__Data shown__.
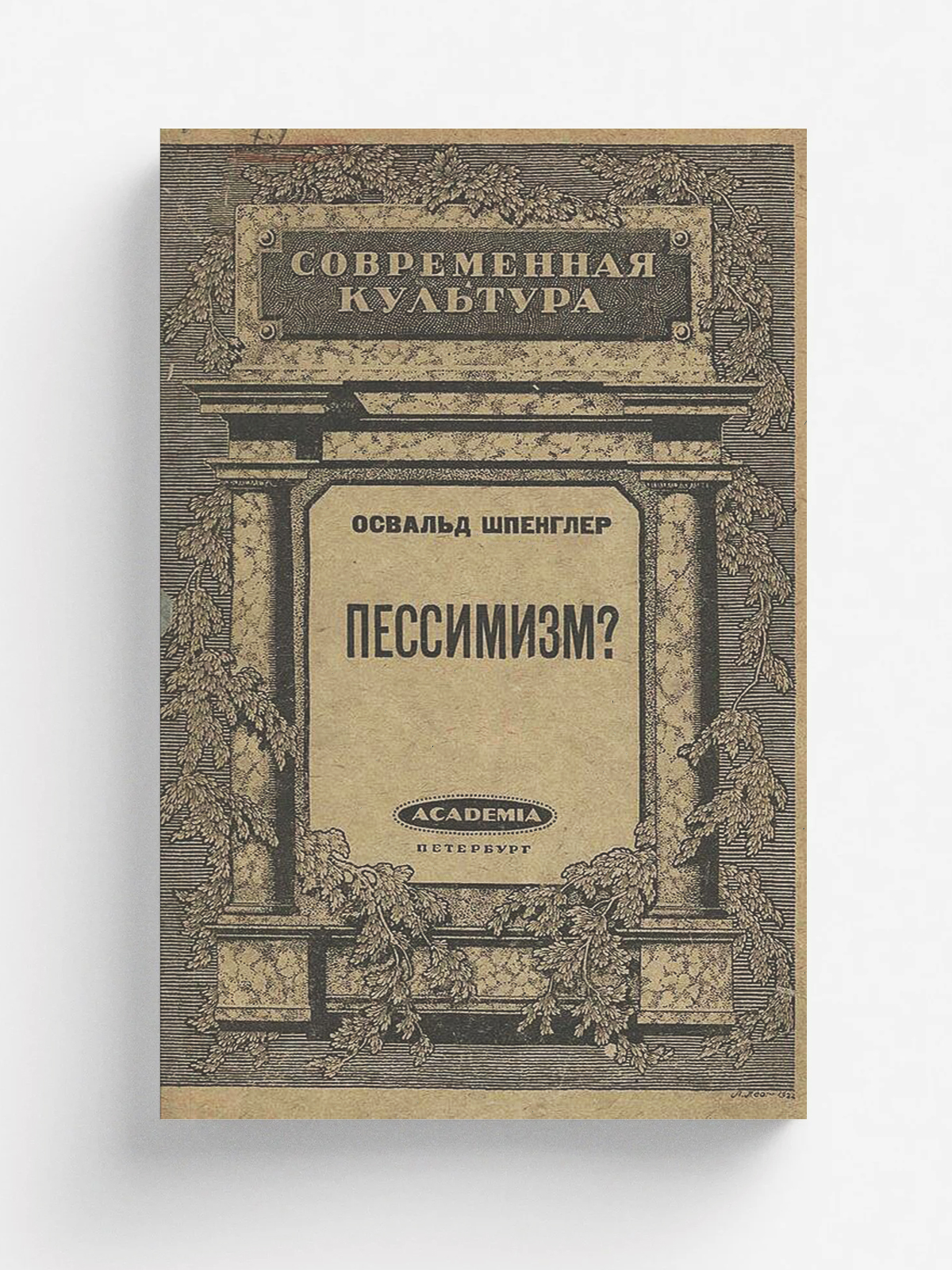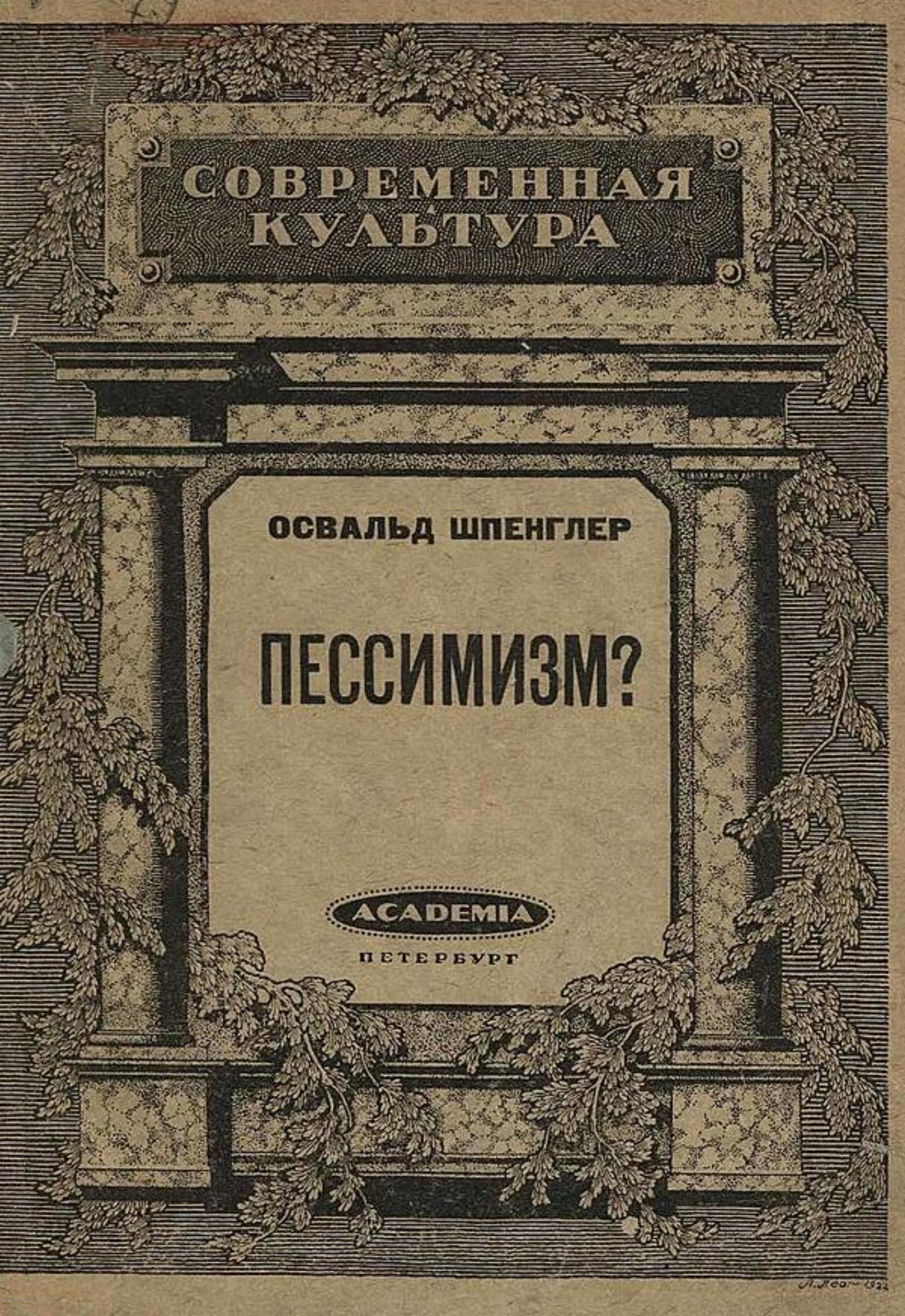 Шпенглер, Освальд. Пессимизм? / Освальд Шпенглер Пер. с нем. с предисл. проф. Германа Генкель. — Петербург : Academia, 1922. — 32 с.; 18 см. — (Современная культура).
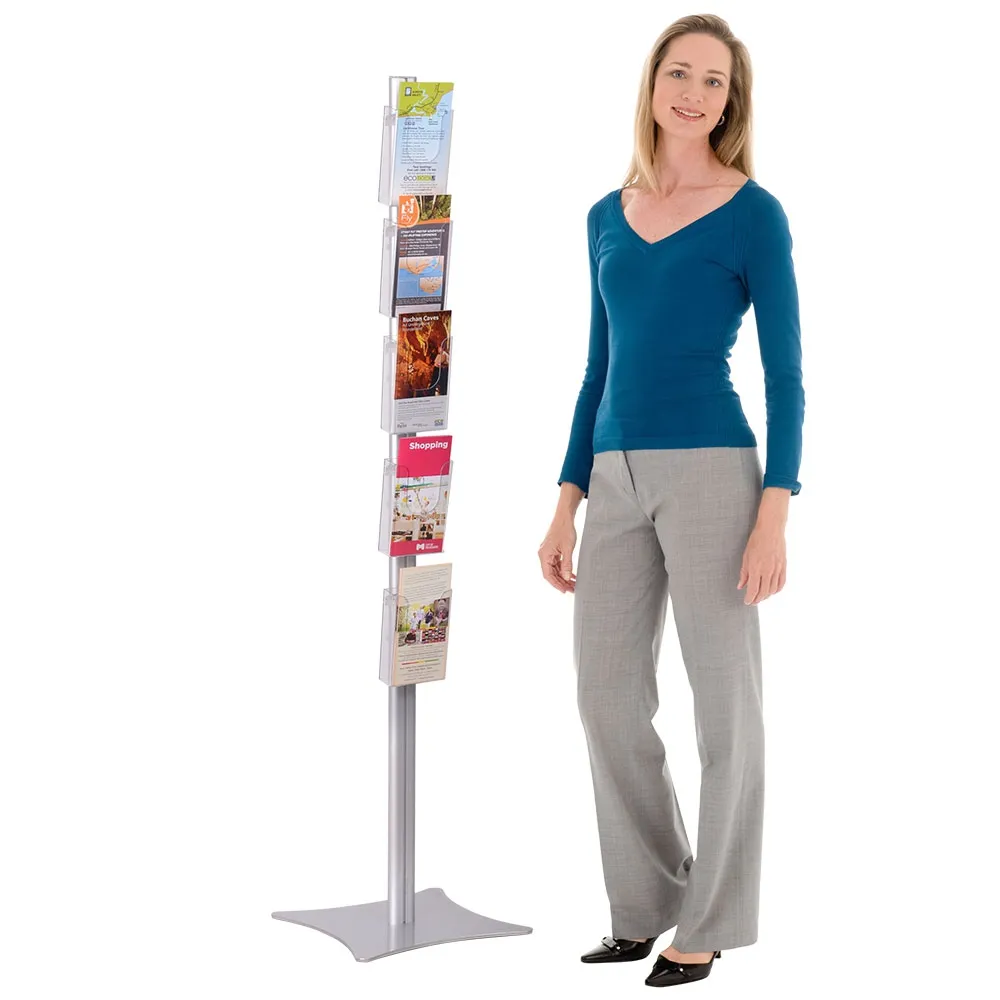 - Brochure holders feature adjustable height pockets to arrange stand how you wish
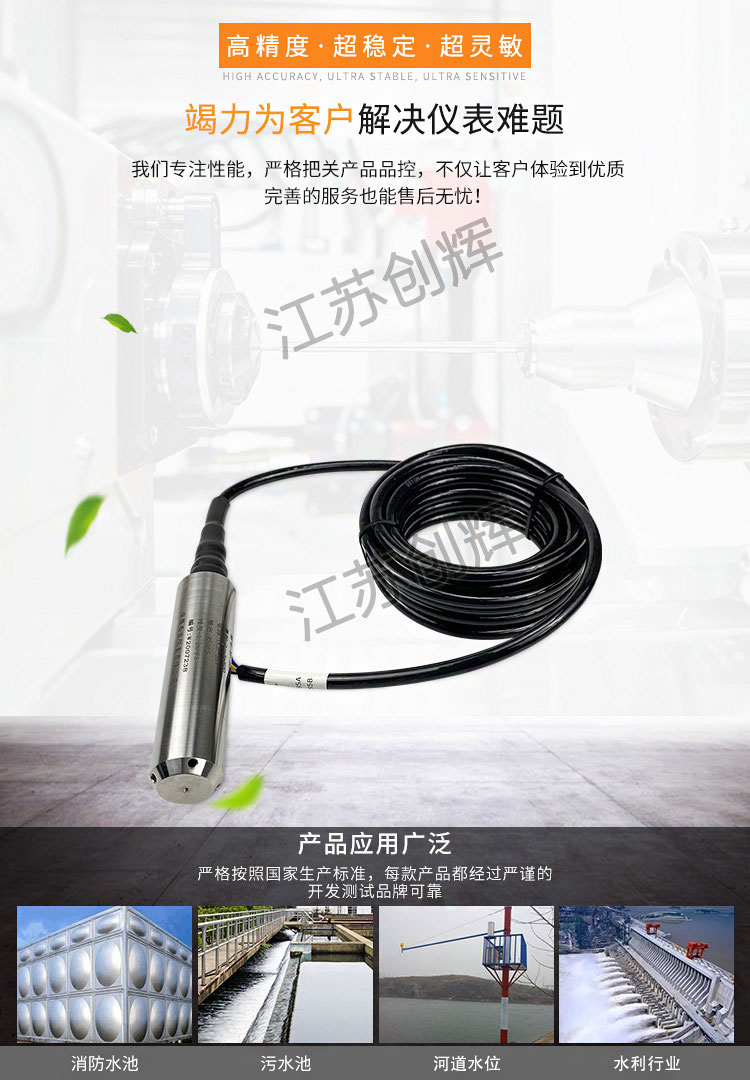 CH-TRSF系列防腐投入式液位變送器適用于石油化工、冶金、電力、制藥、供排水、環(huán)保等系統(tǒng)和行業(yè)的各種介質的液位測量。精巧的結構,簡單的調校和靈活的安裝方式為用戶輕松地使用提供了方便。4~20mA、0~5v、 0~10mA等標準信號輸出方式由用戶根據(jù)需要任選。

__What the exercise asks__. What is needed is a word-for-word copy of the data, minus its pictures.

__Written reply__.
 Шпенглер, Освальд. Пессимизм? / Освальд Шпенглер Пер. с нем. с предисл. проф. Германа Генкель. — Петербург : Academia, 1922. — 32 с.; 18 см. — (Современная культура).
 - Brochure holders feature adjustable height pockets to arrange stand how you wish
 CH-TRSF系列防腐投入式液位變送器適用于石油化工、冶金、電力、制藥、供排水、環(huán)保等系統(tǒng)和行業(yè)的各種介質的液位測量。精巧的結構,簡單的調校和靈活的安裝方式為用戶輕松地使用提供了方便。4~20mA、0~5v、 0~10mA等標準信號輸出方式由用戶根據(jù)需要任選。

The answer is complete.